A set of diagrams illustrating the anatomical localization of the periosteum of the bone and its innervation by sensory nerve fibers. The periosteum is a thin, cellular and fibrous tissue that is densely innervated by sensory nerve fibers and is tightly adherent to the outer surface of cortical bone (A). For illustrations purposes representative confocal images of the CGRP⁺ nerve fibers (in pink/purple) from periosteal whole preparations were acquired and overlapped on a three dimensional image of the femur obtained by microcomputed tomography (B). High magnification of this illustration shows the degree and pattern of the sensory innervation of the periosteum by CGRP⁺ sensory nerve fibers (C). As mechanical distortion of either the cortical bone and tightly adherent periosteum is highly painful and stabilizing the fractured bone and periosteum significantly attenuates fracture pain, it is thought that activation and sensitization of nociceptors that innervate the periosteum are pivotally involved in driving fracture-induced bone pain.

Figure 3

Neonatal capsaicin treatment results in depletion of CGRP⁺ (primarily unmyelinated) but not of NF200⁺ (primarily myelinated) sensory nerve fibers in the periosteum.
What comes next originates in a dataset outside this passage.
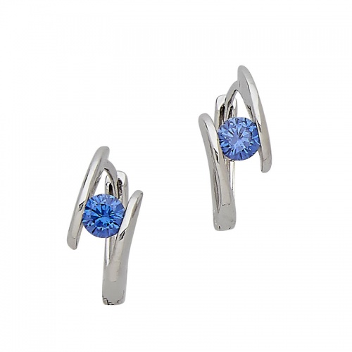 .925 Silver Huggie with Solitaire Tanzanite Color CZ

Representative confocal images of whole mount preparations of the periosteum that were stained for calcitonin gene related peptide (CGRP) and neurofilament-200 (NF200) sensory nerve fibers obtained from the femurs of non-fractured 18 week-old rats that received neonatal injection of vehicle (A, C) or capsaicin (B, D). CGRP is a neuropeptide found in predominantly unmyelinated (C-fibers) and some thinly myelinated (A-delta) sensory nerve fibers (A, B), whereas NF200 is expressed by myelinated (A-delta and A-beta) primary afferent sensory nerve fibers (C, D). Neonatal capsaicin treatment reduced the number of CGRP⁺ sensory fibers as compared to vehicle treatment (A, B) but did not reduce the number of NF200⁺ sensory fibers (C, D). Confocal images (40µm z-series) were projected from 160 optical sections acquired at 0.25µm intervals. Scale bar A–D: 50 µm.

Figure 4

Depletion of capsaicin sensitive sensory nerve fibers results in attenuation but not the abolition of fracture induced pain behaviors. Following closed fracture of the femur, rats treated with vehicle alone exhibited dramatically increased time spent spontaneously guarding (A), a greater number of spontaneous flinches (B), and reduced weight bearing of the fractured limb (C) as compared to naïve animals or animals that received intramedullary pin placement alone. Animals that received neonatal capsaicin treatment showed a reduction of fracture-induced pain-related behaviors at nearly all time points examined as compared to vehicle treated rats with femoral fracture. Note that the onset and time course of the pain behaviors following fracture were not modified by neonatal capsaicin treatment suggesting that both the C-fibers and A-delta fibers that normally innervate the bone participate in sensing and transmitting bone fracture pain. Histogram showing the effect of capsaicin treatment on the mineralized callus area of the fractured femur as measured by radiographic analysis (D). Although there was a small, but statistically significant , increase in callus area in the capsaicin-treated + fracture vs. the vehicle-treated + fracture animals at days 14 and 28 post-fracture, there was no significant difference in the overall fracture site bridging score at any of the times examined (E). Data are presented as the mean ± standard error of the mean. *p <0.05 fracture + capsaicin-treated rats vs. fracture+vehicle-treated rats.